Ja też uwielbiam się uczyć, dlatego planuję iść na studia, bądź kursy dla siebie. W Biedrze można wyciągnąć 2 tys. na rękę miesięcznie, do tego to mit, że Biedronka ma straszne warunki pracy.
Straszne warunki pracy mają np. niektóre sieciówki odzieżowe, gdzie jest roboty w huk i wcale nie trzymają się grafików, zostajesz po godzinach, stresów od zaje...nia i zleceniówka.
A to, że marka? Bez jaj, dla nikogo się to nie liczy co masz w papierach, tylko co wiesz, co umiesz i jak szybko to robisz.
Anonymous - 2016-12-17, 22:51
Cytat: | . Ja sama zrezygnowałam ze studiów i w wieku 19 lat, po liceum i z dobrą znajomością jedynie angielskiego zarabiam w Niemczech w przeliczeniu na złotówki ok. 3,5 - 4 tys zł. (to moja pierwsza w życiu praca) gdzie w Polsce trzeba mieć naprawdę dobre wykształcenie, wieloletnie doświadczenie i jeszcze do tego znajomości, by tyle zarabiać. | Wystarczy mieć fach w rękach i chęć, a w Polsce też tyle zarobisz...

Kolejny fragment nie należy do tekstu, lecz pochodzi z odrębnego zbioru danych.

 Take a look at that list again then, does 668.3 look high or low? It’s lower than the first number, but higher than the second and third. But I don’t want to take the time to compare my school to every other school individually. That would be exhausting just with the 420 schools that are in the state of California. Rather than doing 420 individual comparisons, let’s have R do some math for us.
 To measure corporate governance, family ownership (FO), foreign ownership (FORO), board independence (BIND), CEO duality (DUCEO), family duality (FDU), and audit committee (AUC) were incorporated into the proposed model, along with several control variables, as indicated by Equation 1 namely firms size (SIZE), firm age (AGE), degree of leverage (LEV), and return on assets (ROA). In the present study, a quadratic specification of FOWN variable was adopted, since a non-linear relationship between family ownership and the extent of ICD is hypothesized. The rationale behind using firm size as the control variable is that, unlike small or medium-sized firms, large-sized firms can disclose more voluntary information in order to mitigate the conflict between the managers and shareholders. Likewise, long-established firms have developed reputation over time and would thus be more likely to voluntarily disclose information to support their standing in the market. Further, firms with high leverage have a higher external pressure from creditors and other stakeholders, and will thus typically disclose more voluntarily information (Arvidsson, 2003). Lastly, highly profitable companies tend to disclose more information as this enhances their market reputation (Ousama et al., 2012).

I co to jest 1000€ na miesiąc? 3/4 idzie na samo mieszkanie i opłaty, no chyba, że wynajmujesz pokoik z dostępem do kibla, w dziurze, w której psy dupami szczekają.

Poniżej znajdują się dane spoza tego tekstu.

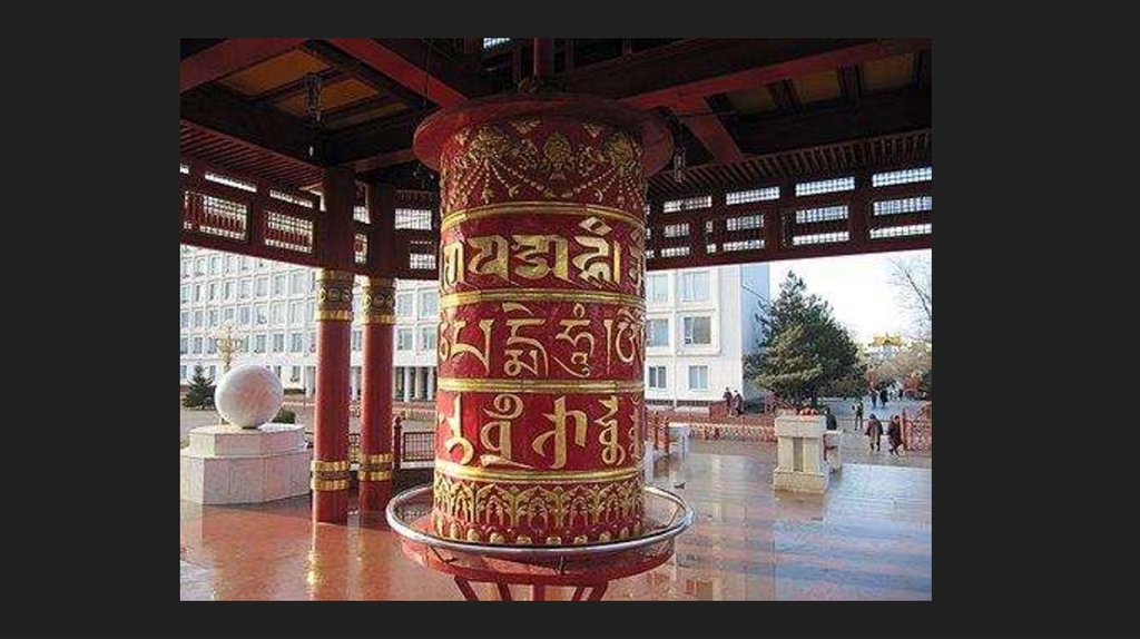world”. In the body of the pagoda there is a prayer wheel
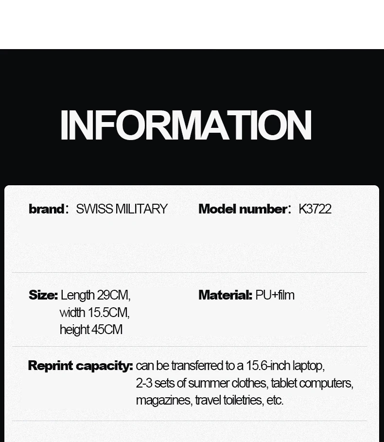 SWISS MILITARY Laptop Backpack Men 15.6 Inch Multi Pocket Expandable Backpack Waterproof USB School Backpack Business Travel Bag

Yennefer - 2016-12-18, 10:55
Mój brat jest po gimnazjum ale dzięki kilku letniemu doświadczeniu jest specjalista do spraw kolokacji wyciaga na tym 3-6 tys., miesięcznie także można jeśli ma się fach w ręku, niekoniecznie skończone szkoły, no i oczywiście jeśli trafisz na dobrego pracodawcę.

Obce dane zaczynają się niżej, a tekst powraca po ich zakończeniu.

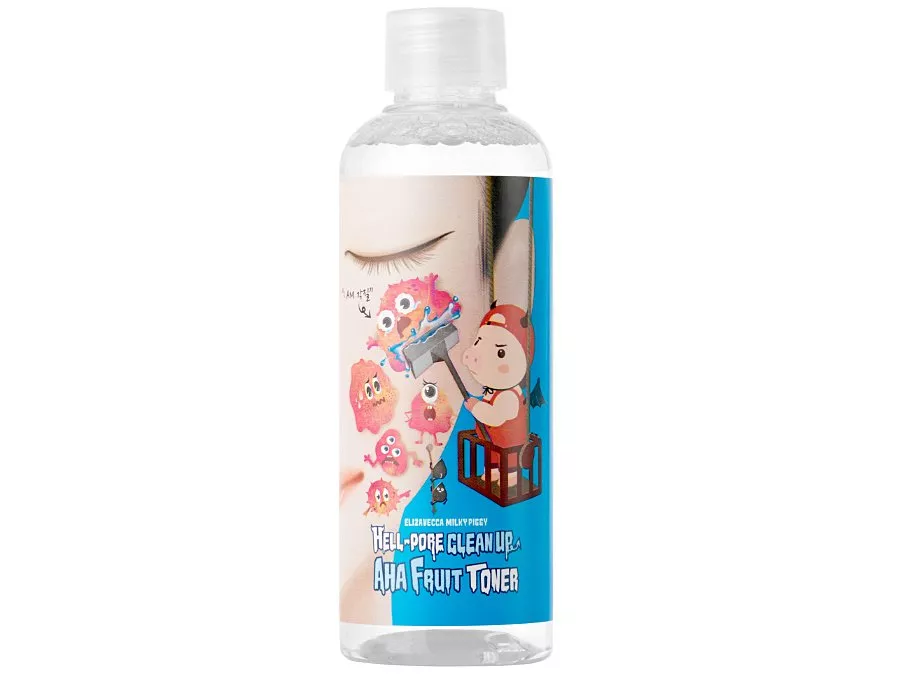 Elizavecca - Hell Pore Clean Up AHA Fruit Toner - šveičiamasis tonikas, kuris padeda kovoti su probleminiais inkštirais. Pagrįstas pieno rūgštimi, kuri pasižymi švelniu šviesinamuoju ir drėkinamuoju poveikiu, taip pat glikolio rūgštimi, kuri šveičia epidermį ir reguliuoja sebumo išsiskyrimą. Į produktą įtraukti šias savybes stiprinantys ekstraktai, pvz., žvaigždinio anyžiaus ekstraktas, kuris pasižymi stipriomis antibakterinėmis savybėmis.

1000 euro, to może i wiele w Polsce. Zagranica to prawie jak polskie 1000 zł. :p
Euphoriall - 2016-12-18, 12:15
Yennefer napisał/a: | 1000 euro, to może i wiele w Polsce. Zagranica to prawie jak polskie 1000 zł. :p |
Jeżeli pracujesz za granicą, a rodzinę masz w Polsce, to w cale nie musi być tak mało, jak mieszkasz za granicą "na spółę". W końcu to około 4000zł. Za granicą owszem, to grosze.
Ale tak jest wszędzie. W Polsce jest masa Ukraińców, którzy tak jak Polacy wyjechali na zachód i fajnie żyją na w/w zasadach.
Himmel - 2016-12-18, 12:49
KrólowaSzczurów, Yennefer, uwierzcie mi że ja naprawdę nie żyję w skrajnej nędzy... Mieszkam obecnie z rodziną, ale chcę jak się usamodzielnić, wynająć pokój. Moim celem jest utrzymywać się sama na studiach, dorabiając i odkładam na te studia pieniądze. 1000 e to mało ale od czegoś trzeba w życiu zaczynać.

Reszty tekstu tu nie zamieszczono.